Let us see what happens to the trigonometric ratios of angle $A$, if it is made smaller and smaller in the right triangle $ABC$ (see Fig. 8.16), till it becomes zero. As $\angle$ A gets smaller and smaller, the length of the side $BC$ decreases. The point $C$ gets closer to point $B$, and finally when $\angle A$ becomes very close to $0^{\circ}, AC$ becomes almost the same as $AB$ (see Fig. 8.17).

Fig. 8.16

Fig. 8.17

When $\angle A$ is very close to $0^{\circ}, BC$ gets very close to 0 and so the value of $\sin A=\dfrac{BC}{AC}$ is very close to 0 . Also, when $\angle A$ is very close to $0^{\circ}, AC$ is nearly the same as $A B$ and so the value of $\cos A=\dfrac{A B}{A C}$ is very close to 1 .

This helps us to see how we can define the values of sin A and $\cos A$ when $A=0^{\circ}$. We define : $\boldsymbol{{}\operatorname { s i n }} \mathbf{0}^{\circ}=\mathbf{0}$ and $\cos \mathbf{0}^{\circ}=\mathbf{1}$.

Using these, we have :

$\tan 0^{\circ}=\dfrac{\sin 0^{\circ}}{\cos 0^{\circ}}=0, \cot 0^{\circ}=\dfrac{1}{\tan 0^{\circ}}$, which is not defined. (Why?)

sec $0^{\circ}=\dfrac{1}{\cos 0^{\circ}}=1$ and $cosec 0^{\circ}=\dfrac{1}{\sin 0^{\circ}}$, which is again not defined.(Why?)

Now, let us see what happens to the trigonometric ratios of $\angle A$, when it is made larger and larger in $\triangle ABC$ till it becomes $90^{\circ}$. As $\angle A$ gets larger and larger, $\angle C$ gets smaller and smaller.

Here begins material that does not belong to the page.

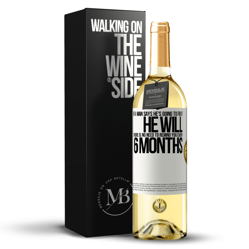 Message in a Bottle. Wine bottle with customized label. Message: "If a man says he's going to fix it, he will. There is no need to remind you every 6 months". White Label. Customizable label. |
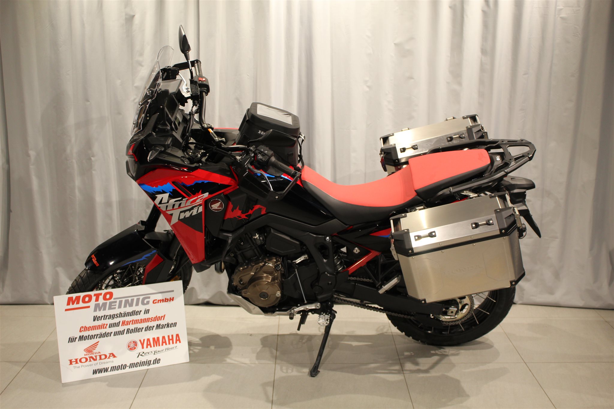**Honda CRF1100A3 Electronic Suspension:** inkl. Zubehör im Wert von 2234,00€: - Alukoffer-Set mit Innenpacktaschen - Kofferträgersystem - Windabweiser - Deflektor - Tankrucksack - Handprotektoren - Rally-Fußrasten - Komfort-Soziusfußrasten - Felgenaufkleber - Vorführfahrzeug - Modell 2025 - 3.224 km - umfall- und unfallfei - HU bis 03/2027 - Garantie bis 26.02.2027 - Probefahrt nach Vereinbarung - Finanzierung möglich Die Africa Twin ist ab sofort in einer neuen Variante erhältlich. Die Leistung des gewohnt agilen Adventure-Bikes setzt neue Maßstäbe und zeichnet sich besonders durch das zusätzliche Drehmoment im unteren Drehzahlbereich aus. Die neue verstellbare Verkleidungsscheibe macht die Tage auf der Straße wesentlich komfortabler. Die schlauchlosen Reifen lassen sich leicht reparieren. Zusätzlich eröffnet die als Sonderausstattung erhältliche elektronisch einstellbare Showa-EERA-Aufhängung der Africa Twin ES eine ganz neue Dimension des Abenteuers. Viele weitere Modelle findet ihr unter: www.moto-meinig.de Euer Honda- und Yamaha-Vertragshändler in Chemnitz Leipziger Straße 136 09114 Chemnitz Tel.: +49 371 3311142 WhatsApp: 01520 7914627 Öffnungszeiten: Montag bis Freitag 9.30 - 18.00 Uhr Samstag 9.30 - 13.00 Uhr (von Oktober-März bis 12.00 Uhr) Wir freuen uns auf euren Besuch! Irrtum und Zwischenverkauf sind vorbehalten. 0786

Therefore, as in the case above, the length of the side $A B$ goes on decreasing. The point $A$ gets closer to point $B$. Finally when $\angle A$ is very close to $90^{\circ}$, $\angle C$ becomes very close to $0^{\circ}$ and the side $AC$ almost coincides with side $BC$ (see Fig. 8.18).

Fig. 8.18

When $\angle C$ is very close to $0^{\circ}, \angle A$ is very close to $90^{\circ}$, side $AC$ is nearly the same as side $BC$, and so sin $A$ is very close to 1 . Also when $\angle A$ is very close to $90^{\circ}$, $\angle C$ is very close to $0^{\circ}$, and the side $AB$ is nearly zero, so cos $A$ is very close to 0 .

So, we define :

$ \sin 90^{\circ}=1 \text{ and } \cos 90^{\circ}=0 . $

Now, why don’t you find the other trigonometric ratios of $90^{\circ}$ ?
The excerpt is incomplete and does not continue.